Task data >>
**********
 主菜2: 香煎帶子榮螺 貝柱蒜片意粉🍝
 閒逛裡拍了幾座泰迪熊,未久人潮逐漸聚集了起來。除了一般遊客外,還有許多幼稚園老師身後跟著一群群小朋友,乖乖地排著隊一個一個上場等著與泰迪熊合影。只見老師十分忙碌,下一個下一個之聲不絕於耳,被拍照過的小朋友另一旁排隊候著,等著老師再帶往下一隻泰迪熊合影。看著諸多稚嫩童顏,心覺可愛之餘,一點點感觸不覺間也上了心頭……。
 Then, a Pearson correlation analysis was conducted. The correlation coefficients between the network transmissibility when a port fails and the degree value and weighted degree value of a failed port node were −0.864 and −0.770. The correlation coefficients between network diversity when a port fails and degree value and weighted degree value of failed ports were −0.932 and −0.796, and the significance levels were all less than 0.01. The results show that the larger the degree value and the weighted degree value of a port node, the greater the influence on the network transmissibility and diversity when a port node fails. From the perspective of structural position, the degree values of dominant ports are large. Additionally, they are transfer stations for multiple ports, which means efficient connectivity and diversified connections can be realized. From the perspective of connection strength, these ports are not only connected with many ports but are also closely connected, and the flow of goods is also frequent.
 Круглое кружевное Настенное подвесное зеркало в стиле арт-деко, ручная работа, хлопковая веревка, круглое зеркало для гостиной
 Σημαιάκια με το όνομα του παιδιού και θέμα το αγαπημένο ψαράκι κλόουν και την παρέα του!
**********
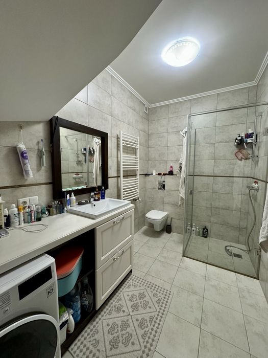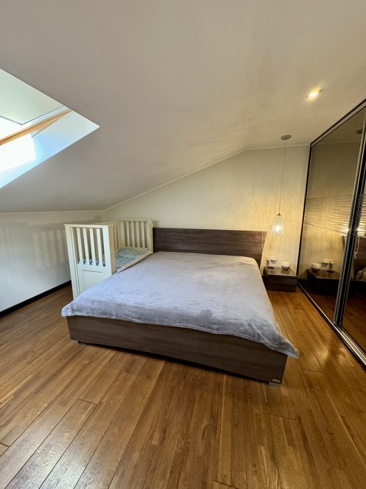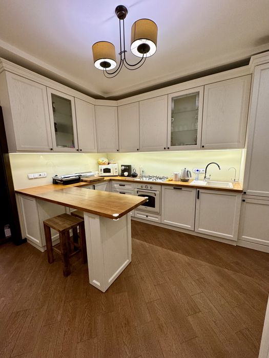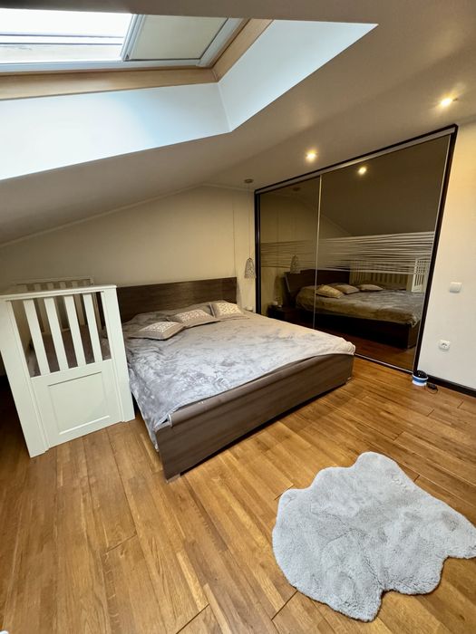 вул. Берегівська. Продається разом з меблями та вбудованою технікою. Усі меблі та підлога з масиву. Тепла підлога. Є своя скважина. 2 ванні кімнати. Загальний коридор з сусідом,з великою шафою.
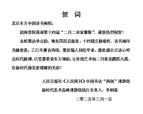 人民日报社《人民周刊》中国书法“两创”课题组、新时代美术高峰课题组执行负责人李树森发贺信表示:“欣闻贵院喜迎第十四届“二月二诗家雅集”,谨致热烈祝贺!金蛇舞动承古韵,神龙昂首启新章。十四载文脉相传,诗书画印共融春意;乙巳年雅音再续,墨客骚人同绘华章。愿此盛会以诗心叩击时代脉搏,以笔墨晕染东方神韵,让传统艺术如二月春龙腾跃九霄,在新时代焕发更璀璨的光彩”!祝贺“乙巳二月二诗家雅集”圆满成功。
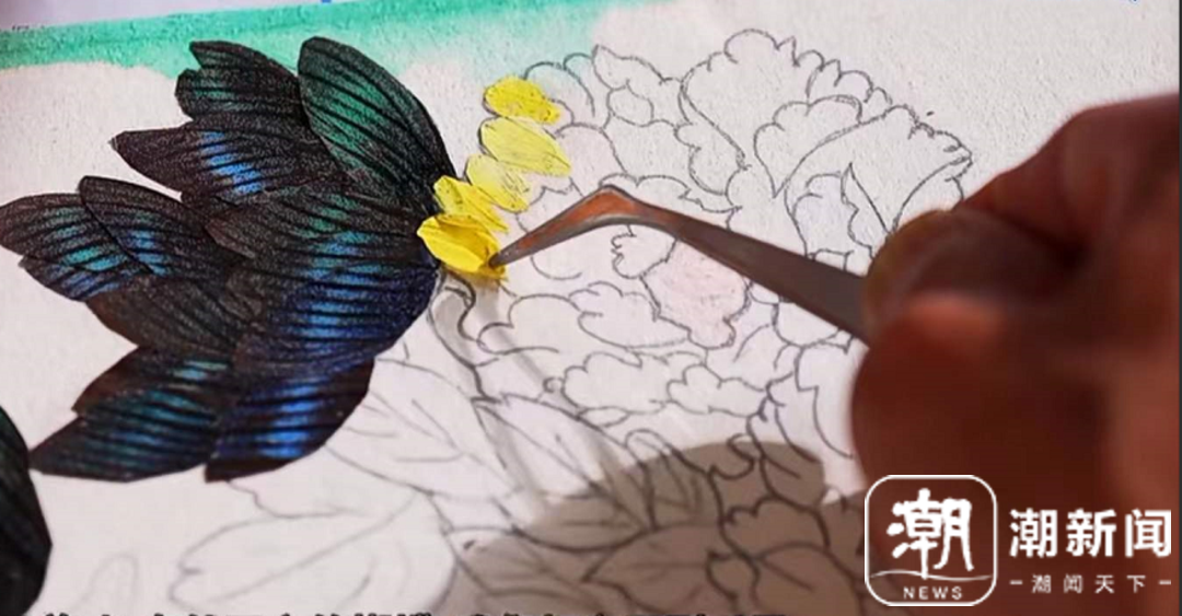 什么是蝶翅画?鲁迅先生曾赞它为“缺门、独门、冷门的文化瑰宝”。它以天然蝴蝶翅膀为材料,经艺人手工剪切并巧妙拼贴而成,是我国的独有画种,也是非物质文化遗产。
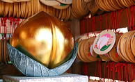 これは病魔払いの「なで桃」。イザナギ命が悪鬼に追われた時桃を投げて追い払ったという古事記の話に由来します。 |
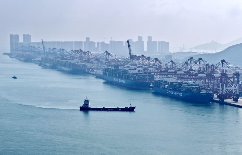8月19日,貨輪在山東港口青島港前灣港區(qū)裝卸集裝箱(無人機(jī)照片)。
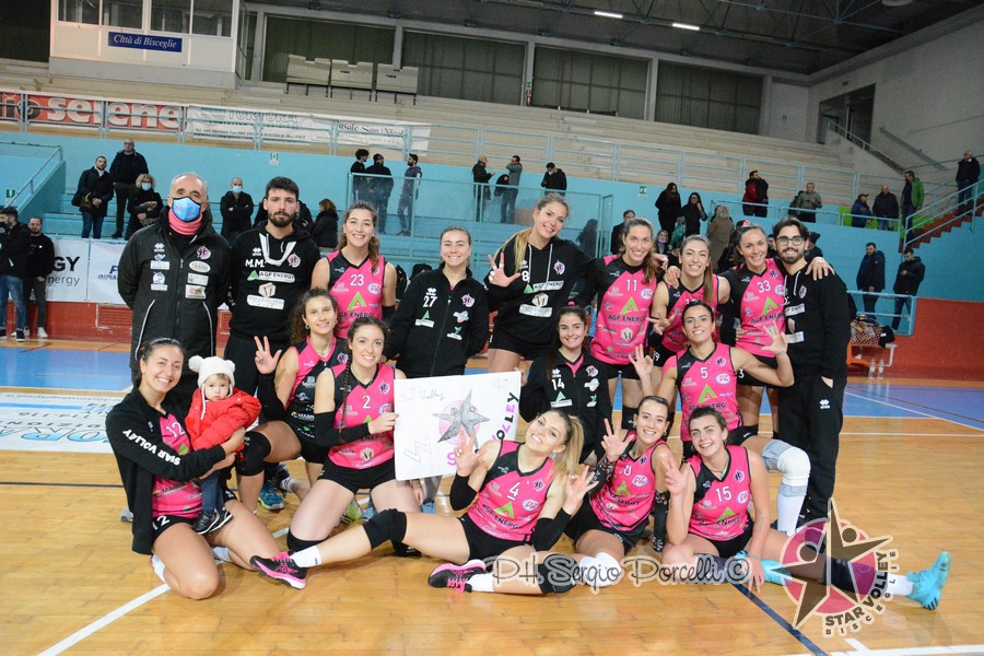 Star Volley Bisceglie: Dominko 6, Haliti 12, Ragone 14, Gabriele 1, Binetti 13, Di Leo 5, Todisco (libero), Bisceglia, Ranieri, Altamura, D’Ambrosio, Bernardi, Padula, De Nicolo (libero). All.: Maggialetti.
**********
Instructions for the task >>
Copy only this part of the entries above: the line with "主菜2: 香煎帶子榮螺 貝柱蒜片意粉🍝", the line with "閒逛裡拍了幾座泰迪熊,未久人", and the lines between, all exactly as written.

Written solution >>
 主菜2: 香煎帶子榮螺 貝柱蒜片意粉🍝
 閒逛裡拍了幾座泰迪熊,未久人潮逐漸聚集了起來。除了一般遊客外,還有許多幼稚園老師身後跟著一群群小朋友,乖乖地排著隊一個一個上場等著與泰迪熊合影。只見老師十分忙碌,下一個下一個之聲不絕於耳,被拍照過的小朋友另一旁排隊候著,等著老師再帶往下一隻泰迪熊合影。看著諸多稚嫩童顏,心覺可愛之餘,一點點感觸不覺間也上了心頭……。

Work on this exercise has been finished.